Ich glaube schon, dass es Show iss und zwar aus einem Grund, ihre Industrielüfter sind konventionell aufgebaut, wenn dieses Bionische Rotoren energieeffizient, weniger Verwirbelung sowie geringere Geräuschemission haben, dann würde diese Technologie der Überflieger sein. Abgesehen davon, ein Lüfter der keinen hohen Luftstrom erzeugt ist natürlich leise. Schon einen Luftstrom gemessen? Oder verlässt du dich auf hören und sagen bzw. auf die Daten vom Hersteller.


----------



## Venqz (26. Januar 2016)

*AW: Raijintek Triton Core Welche 120mm Lüfter?*



Narbennarr schrieb:


> Statischer Druck ist Mumpitz und kannst du bei den eLoops nicht als Kriterium angeben



Okay, mach ich aber weil, es iss schon ein Unterschied einen Lüfter für ein 16FPI oder 12 FPI Radiator zu verwenden. Abgesehen von der Größe des Radiator.


----------



## thoast3 (26. Januar 2016)

*AW: Raijintek Triton Core Welche 120mm Lüfter?*

Nutzer von Industrielüftern haben aber ganz andere Anforderungen an Lüfter, zum Beispiel enorme Temperaturbeständigkeit.
Des weiteren sollten diese nicht allzu teuer sein, wenn man mehrere tausend Stück benötigt.

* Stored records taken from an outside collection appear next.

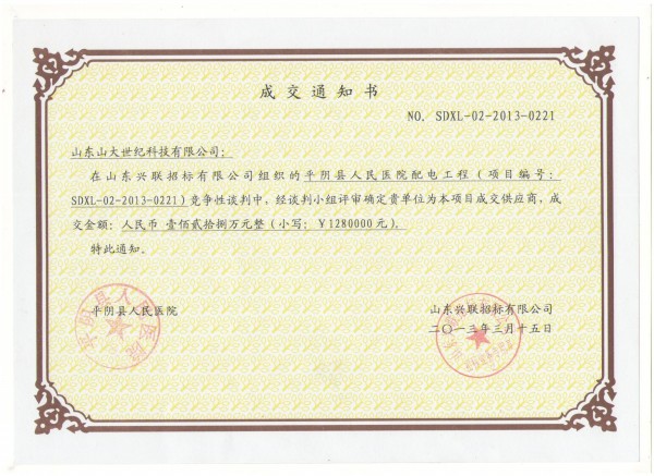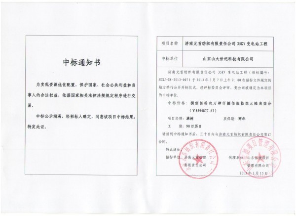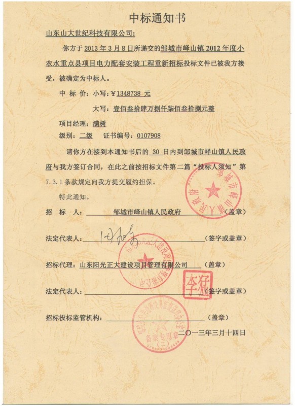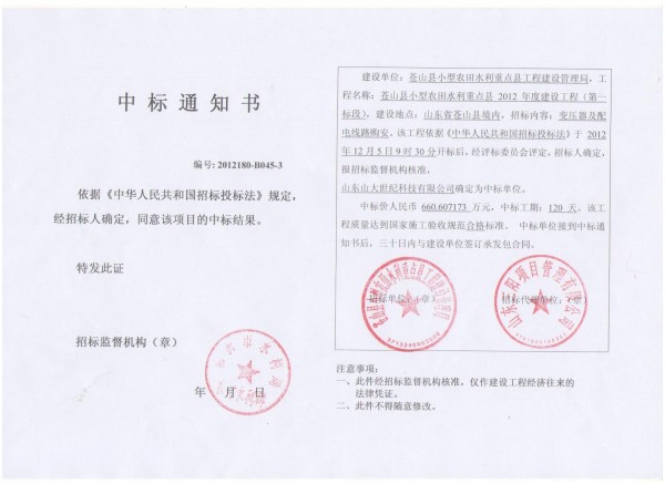 承裝項(xiàng)目2013年一季度中標(biāo)通知書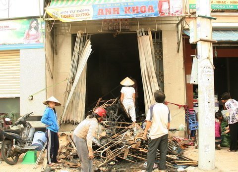 Lúc xảy ra cháy, cả khu phố đang chìm trong giấc ngủ. Rất may, ông chủ nhà bên cạnh là Phan Văn Minh (57 tuổi) thức dậy sớm phát hiện nhiều tiếng nổ lách tách từ shop Anh Khoa phát ra.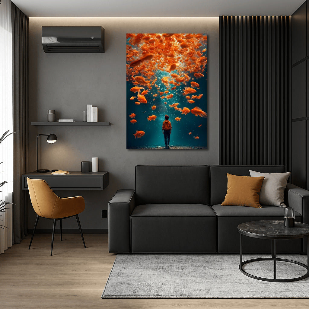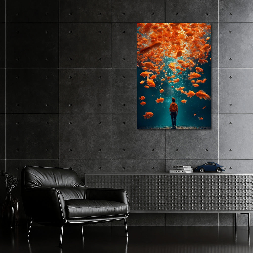 Dive into a world of fantasy with this painting: a mysterious character and the magic of orange fish. Perfect wall art! See more from the collection: Animals Art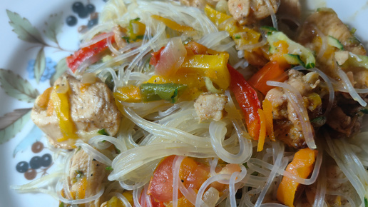 Полезно, вкусно. А-ля китайское блюдо "Фунчоза с куриным мясом и тушеными овощами "

Anscheinend lässt sich beides (noch?) nicht mit den Eloops verbinden.


Ich habe natürlich Tenperaturvergleiche zwischen allen Lüftern gemacht. Der Eloop bot imo das beste Lautstärke-/Leistungs-Verhältnis.


----------



## Narbennarr (26. Januar 2016)

*AW: Raijintek Triton Core Welche 120mm Lüfter?*



Venqz schrieb:


> Okay, mach ich aber weil, es iss schon ein Unterschied einen Lüfter für ein 16FPI oder 12 FPI Radiator zu verwenden. Abgesehen von der Größe des Radiator.



Du verstehst nicht, die komplette Angabe "statischer Druck" ist Käse. Wichtig ist die Durckstabilität und das sind die eloops könig


----------



## Venqz (26. Januar 2016)

*AW: Raijintek Triton Core Welche 120mm Lüfter?*



thoast3 schrieb:


> Nutzer von Industrielüftern haben aber ganz andere Anforderungen an Lüfter, zum Beispiel enorme Temperaturbeständigkeit.
> Des weiteren sollten diese nicht allzu teuer sein, wenn man mehrere tausend Stück benötigt.
> 
> Anscheinend lässt sich beides (noch?) nicht mit den Eloops verbinden.

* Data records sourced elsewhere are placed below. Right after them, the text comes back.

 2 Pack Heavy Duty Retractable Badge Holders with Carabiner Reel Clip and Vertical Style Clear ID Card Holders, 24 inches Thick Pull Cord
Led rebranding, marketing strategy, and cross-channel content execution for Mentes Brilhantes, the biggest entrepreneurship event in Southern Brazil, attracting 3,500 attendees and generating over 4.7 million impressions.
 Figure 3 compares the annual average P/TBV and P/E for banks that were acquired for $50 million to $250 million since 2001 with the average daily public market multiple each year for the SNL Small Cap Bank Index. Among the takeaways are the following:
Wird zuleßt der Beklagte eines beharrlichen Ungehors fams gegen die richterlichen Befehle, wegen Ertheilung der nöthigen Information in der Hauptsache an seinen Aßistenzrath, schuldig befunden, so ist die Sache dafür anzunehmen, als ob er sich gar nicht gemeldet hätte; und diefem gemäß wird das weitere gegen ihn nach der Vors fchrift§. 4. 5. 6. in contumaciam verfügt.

Nach deiner Auffassung widerspricht es doch aber was die Firma auf ihrer Website beschreibt.


Zitat Anfang:

Das spezielle Verhalten der neuen Ventilatoren eröffnet ein großes Spektrum industrieller Anwendungsmöglichkeiten von der Realisation deutlicher Lautstärkevorteile bei leistungsstarken Kühlungs- und Lüftungssystemen bis hin zur Entwicklung besonders leiser Geräte für den Einsatz in extrem geräuschsensitiven Umfeldern wie Studios oder Labors. Beim Einsatz einer großen Anzahl von Ventilatoren (Beispiel: Rechenzentren, Serverfarmen) können mit dieser Technologie relevante Effekte in der Energieeinsparung realisiert werden.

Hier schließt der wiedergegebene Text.